--- Task item ---
Could you print the data that follows exactly as given?

━━━━━ Data provided

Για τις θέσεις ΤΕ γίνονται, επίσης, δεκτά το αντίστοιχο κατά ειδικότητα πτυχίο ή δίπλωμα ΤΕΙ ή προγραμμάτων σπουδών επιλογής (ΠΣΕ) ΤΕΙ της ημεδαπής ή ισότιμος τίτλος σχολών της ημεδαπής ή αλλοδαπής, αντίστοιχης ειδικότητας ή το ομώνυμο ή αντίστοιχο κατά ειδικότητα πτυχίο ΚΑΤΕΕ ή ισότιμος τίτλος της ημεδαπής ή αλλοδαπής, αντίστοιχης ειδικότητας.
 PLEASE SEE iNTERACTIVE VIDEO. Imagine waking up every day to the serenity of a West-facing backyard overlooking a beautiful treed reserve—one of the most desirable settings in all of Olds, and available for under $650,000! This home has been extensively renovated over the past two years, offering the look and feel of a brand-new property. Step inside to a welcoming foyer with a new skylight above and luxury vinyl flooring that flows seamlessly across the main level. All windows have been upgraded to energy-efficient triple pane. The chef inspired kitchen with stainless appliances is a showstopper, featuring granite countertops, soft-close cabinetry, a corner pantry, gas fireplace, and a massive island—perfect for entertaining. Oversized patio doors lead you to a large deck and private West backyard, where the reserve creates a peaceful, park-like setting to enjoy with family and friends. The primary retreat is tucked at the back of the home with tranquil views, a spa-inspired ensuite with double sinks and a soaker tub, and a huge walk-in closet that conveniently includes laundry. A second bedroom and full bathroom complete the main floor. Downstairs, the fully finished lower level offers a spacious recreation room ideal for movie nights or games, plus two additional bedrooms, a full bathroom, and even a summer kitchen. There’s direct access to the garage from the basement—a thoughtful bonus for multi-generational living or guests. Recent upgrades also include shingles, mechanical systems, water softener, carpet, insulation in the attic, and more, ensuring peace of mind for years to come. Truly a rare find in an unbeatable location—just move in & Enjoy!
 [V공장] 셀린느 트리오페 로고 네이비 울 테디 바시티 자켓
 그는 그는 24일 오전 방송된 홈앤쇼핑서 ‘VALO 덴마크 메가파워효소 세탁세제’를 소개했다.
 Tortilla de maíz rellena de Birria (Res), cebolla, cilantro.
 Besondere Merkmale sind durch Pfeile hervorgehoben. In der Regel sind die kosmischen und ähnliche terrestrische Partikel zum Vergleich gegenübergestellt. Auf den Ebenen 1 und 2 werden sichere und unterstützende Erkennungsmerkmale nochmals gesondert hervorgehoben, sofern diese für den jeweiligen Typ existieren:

━━━━━━━━━━

--- Exercise answer ---
Για τις θέσεις ΤΕ γίνονται, επίσης, δεκτά το αντίστοιχο κατά ειδικότητα πτυχίο ή δίπλωμα ΤΕΙ ή προγραμμάτων σπουδών επιλογής (ΠΣΕ) ΤΕΙ της ημεδαπής ή ισότιμος τίτλος σχολών της ημεδαπής ή αλλοδαπής, αντίστοιχης ειδικότητας ή το ομώνυμο ή αντίστοιχο κατά ειδικότητα πτυχίο ΚΑΤΕΕ ή ισότιμος τίτλος της ημεδαπής ή αλλοδαπής, αντίστοιχης ειδικότητας.
 PLEASE SEE iNTERACTIVE VIDEO. Imagine waking up every day to the serenity of a West-facing backyard overlooking a beautiful treed reserve—one of the most desirable settings in all of Olds, and available for under $650,000! This home has been extensively renovated over the past two years, offering the look and feel of a brand-new property. Step inside to a welcoming foyer with a new skylight above and luxury vinyl flooring that flows seamlessly across the main level. All windows have been upgraded to energy-efficient triple pane. The chef inspired kitchen with stainless appliances is a showstopper, featuring granite countertops, soft-close cabinetry, a corner pantry, gas fireplace, and a massive island—perfect for entertaining. Oversized patio doors lead you to a large deck and private West backyard, where the reserve creates a peaceful, park-like setting to enjoy with family and friends. The primary retreat is tucked at the back of the home with tranquil views, a spa-inspired ensuite with double sinks and a soaker tub, and a huge walk-in closet that conveniently includes laundry. A second bedroom and full bathroom complete the main floor. Downstairs, the fully finished lower level offers a spacious recreation room ideal for movie nights or games, plus two additional bedrooms, a full bathroom, and even a summer kitchen. There’s direct access to the garage from the basement—a thoughtful bonus for multi-generational living or guests. Recent upgrades also include shingles, mechanical systems, water softener, carpet, insulation in the attic, and more, ensuring peace of mind for years to come. Truly a rare find in an unbeatable location—just move in & Enjoy!
 [V공장] 셀린느 트리오페 로고 네이비 울 테디 바시티 자켓
 그는 그는 24일 오전 방송된 홈앤쇼핑서 ‘VALO 덴마크 메가파워효소 세탁세제’를 소개했다.
 Tortilla de maíz rellena de Birria (Res), cebolla, cilantro.
 Besondere Merkmale sind durch Pfeile hervorgehoben. In der Regel sind die kosmischen und ähnliche terrestrische Partikel zum Vergleich gegenübergestellt. Auf den Ebenen 1 und 2 werden sichere und unterstützende Erkennungsmerkmale nochmals gesondert hervorgehoben, sofern diese für den jeweiligen Typ existieren:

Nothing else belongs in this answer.